Can someone suggest any solution for this?

#E-step: Compute cluster responsibilities, given cluster parameters
def calculate_cluster_responsibility(data,centroids,cov_m):
    pdfmain=[[] for i in range(0,len(data))]
    for i in range(0,len(data)):
        sum1=0
        pdfeach=[[] for m in range(0,len(centroids))]
        pdfeach[0]=1/3.*mv_norm.pdf(data[i], mean=centroids[0],cov=[[cov_m[0][0][0],cov_m[0][0][1]],[cov_m[0][1][0],cov_m[0][1][1]]])
        pdfeach[1]=1/3.*mv_norm.pdf(data[i], mean=centroids[1],cov=[[cov_m[1][0][0],cov_m[1][0][1]],[cov_m[1][1][0],cov_m[0][1][1]]])
        pdfeach[2]=1/3.*mv_norm.pdf(data[i], mean=centroids[2],cov=[[cov_m[2][0][0],cov_m[2][0][1]],[cov_m[2][1][0],cov_m[2][1][1]]])
        sum1+=pdfeach[0]+pdfeach[1]+pdfeach[2]
        pdfeach[:] = [x / sum1 for x in pdfeach]
        pdfmain[i]=pdfeach

    global old_pdfmain
    if old_pdfmain==pdfmain:
        return
    old_pdfmain=copy.deepcopy(pdfmain)
    softcounts=[sum(i) for i in zip(*pdfmain)]
    calculate_cluster_weights(data,centroids,pdfmain,soft counts)

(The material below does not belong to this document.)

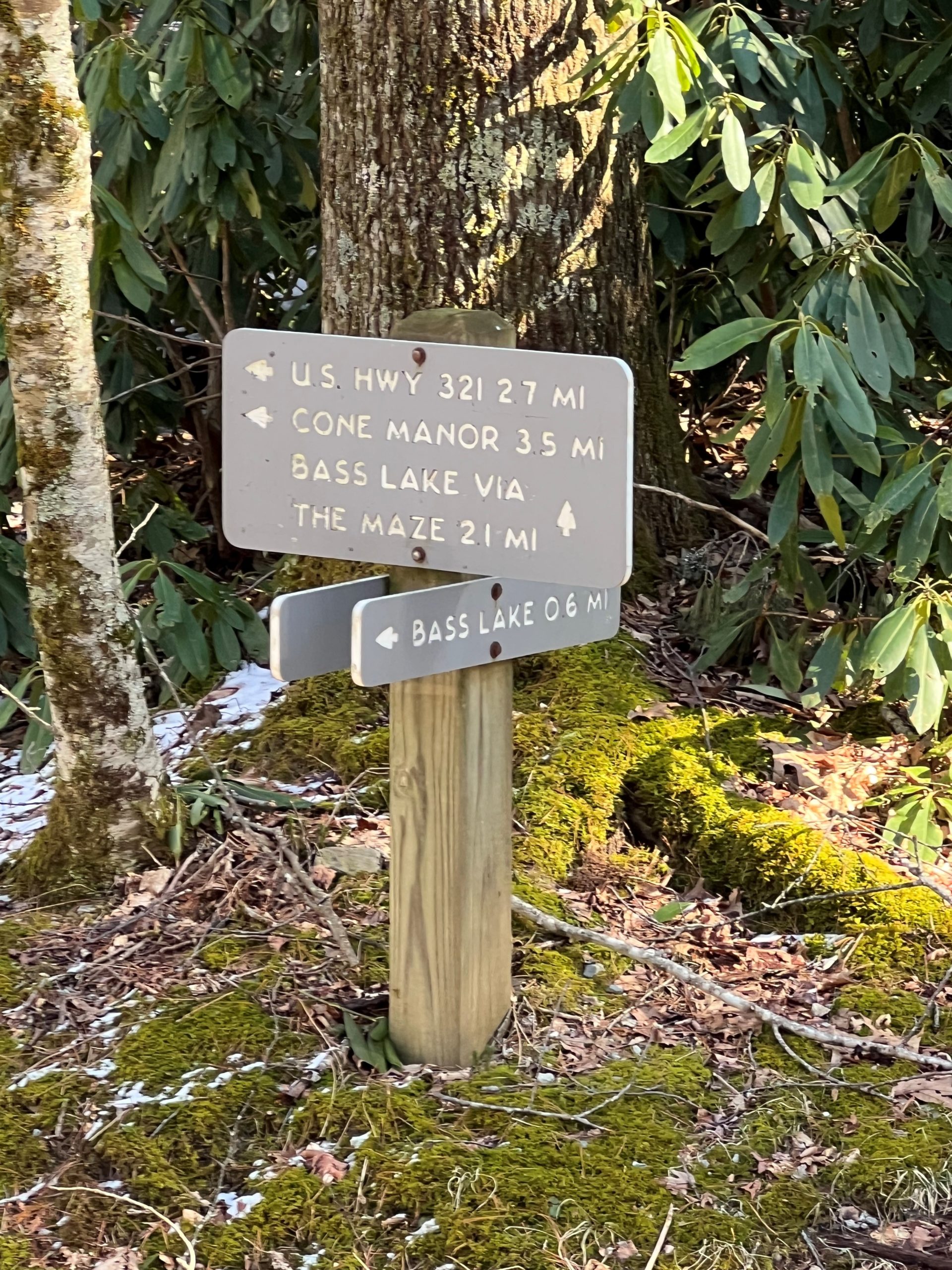 To get there from Blowing Rock, take 221 towards Linville. Before you exit Blowing Rock, there will be a turn off for Bass Lake on the right. Turn off and park in the parking area. The lake is a loop so the trail can be accessed from either side, however, it may be faster to start to the left and access it from there. The turn off for the Maze is located on the left and goes over a bridge with a waterfall before starting in earnest. It is marked with a sign as well.

Initially, I've passed [[3,0],[0,3]] for each cluster covariance since expected number of clusters is 3.

Alex Riley
  • 169,130
  • 45
  • 262
  • 238
Madhura Raut
  • 51
  • 1
  • 5

1 Answers1

1

Can someone suggest any solution for this?

The problem is your data lies in some manifold of dimension strictly smaller than the input data. In other words for example your data lies on a circle, while you have 3 dimensional data. As a consequence when your method tries to estimate 3 dimensional ellipsoid (covariance matrix) that fits your data - it fails since the optimal one is a 2 dimensional ellipse (third dimension is 0).

How to fix it? You will need some regularization of your covariance estimator. There are many possible solutions, all in M step, not E step, the problem is with computing covariance:

  • Simple solution, instead of doing something like cov = np.cov(X) add some regularizing term, like cov = np.cov(X) + eps * np.identity(X.shape[1]) with small eps
  • Use nicer estimator like LedoitWolf estimator from scikit-learn.

Initially, I've passed [[3,0],[0,3]] for each cluster covariance since expected number of clusters is 3.

This makes no sense, covariance matrix values has nothing to do with amount of clusters. You can initialize it with anything more or less resonable.

lejlot
  • 64,777
  • 8
  • 131
  • 164